In my experience, I think the final stages of Handling Objections, Closing, and Follow-up, are the most difficult parts for many people. Why do you think ‘Handling Objections’ is so hard for people? What would you recommend for one to do, to be better at ‘Handling Objections’?

Yes, the process of handling objections can be particularly challenging for individuals, and there are a few reasons why this is the case.

Firstly, the fear of the unknown plays a significant role. When faced with objections, salespeople may feel uncertain about how to respond effectively and worry about the outcome. Additionally, there is a strong desire to preserve the hard work put into the sales process and avoid losing the opportunity. This fear of losing can make handling objections feel overwhelming and daunting.

Furthermore, the fear of making a fool of oneself or seeming incompetent can hinder individuals when it comes to addressing objections. Sales professionals often want to appear knowledgeable and capable, and objections can sometimes trigger insecurities about their expertise or ability to address customer concerns.
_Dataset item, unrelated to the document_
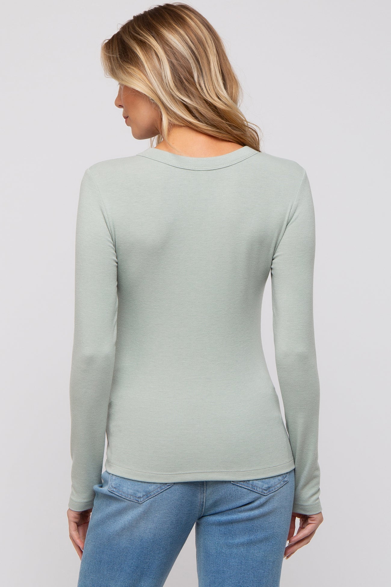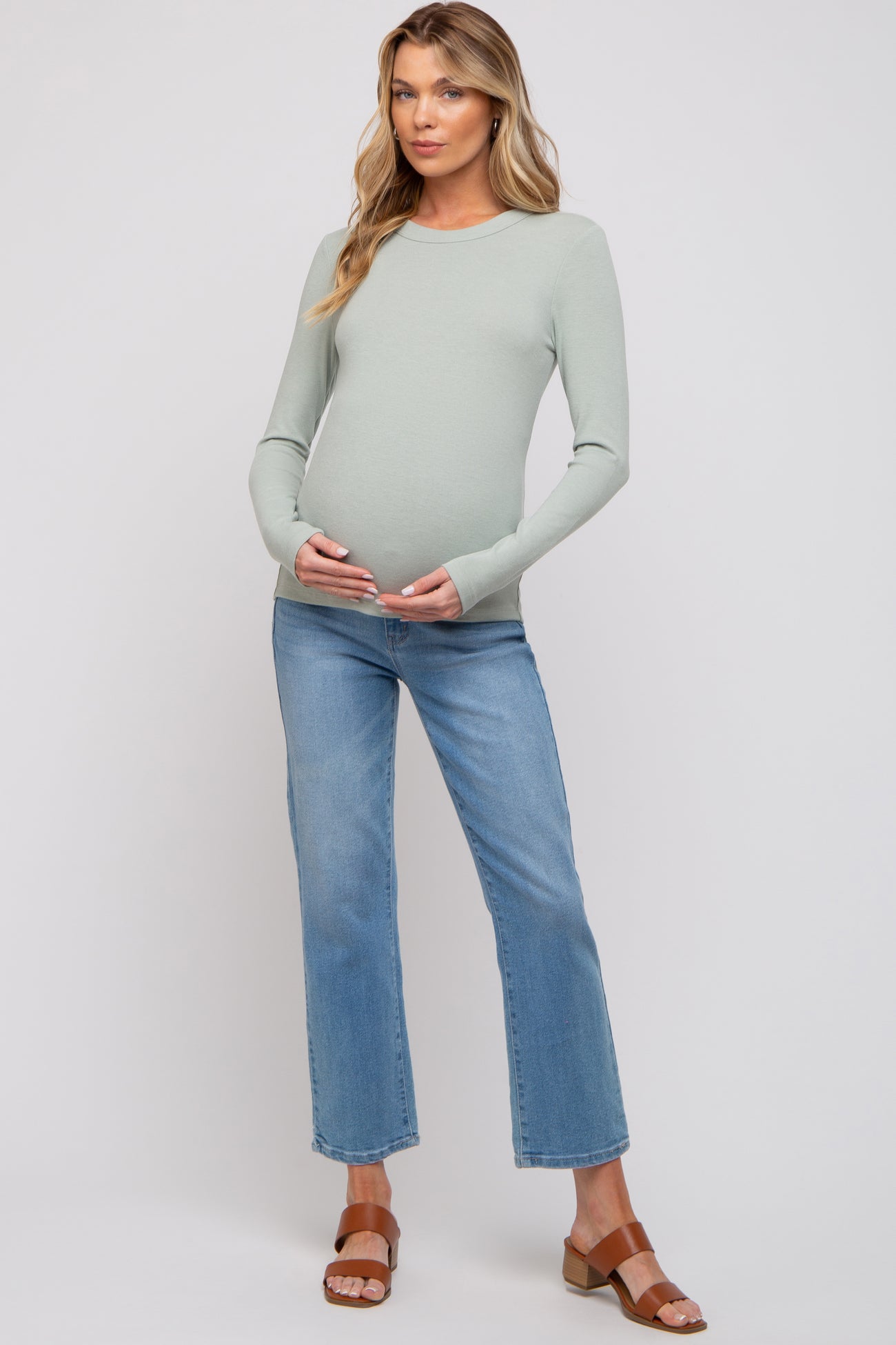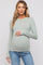 A solid hued maternity top featuring long sleeves and a rounded neckline.

Another reason why it can be difficult for individuals to handle objections is the emotional attachment they may develop towards their offerings, which can make it feel like someone is calling their baby ugly when objections are raised. This personal attachment can create a sense of defensiveness and hinder their ability to respond objectively and constructively.

Limited experience in sales and a lack of product knowledge, particularly for new sellers who are suddenly faced with customer questions, can contribute to the difficulty of handling objections. The pressure and intimidation of trying to respond to objections without sufficient knowledge or experience can be overwhelming.

To be better at handling objections, I recommend a few strategies. Firstly, preparation is key. It’s crucial to anticipate objections in advance and prepare thoughtful responses. By understanding common objections in your industry or product/service, you can proactively address them during the sales conversation.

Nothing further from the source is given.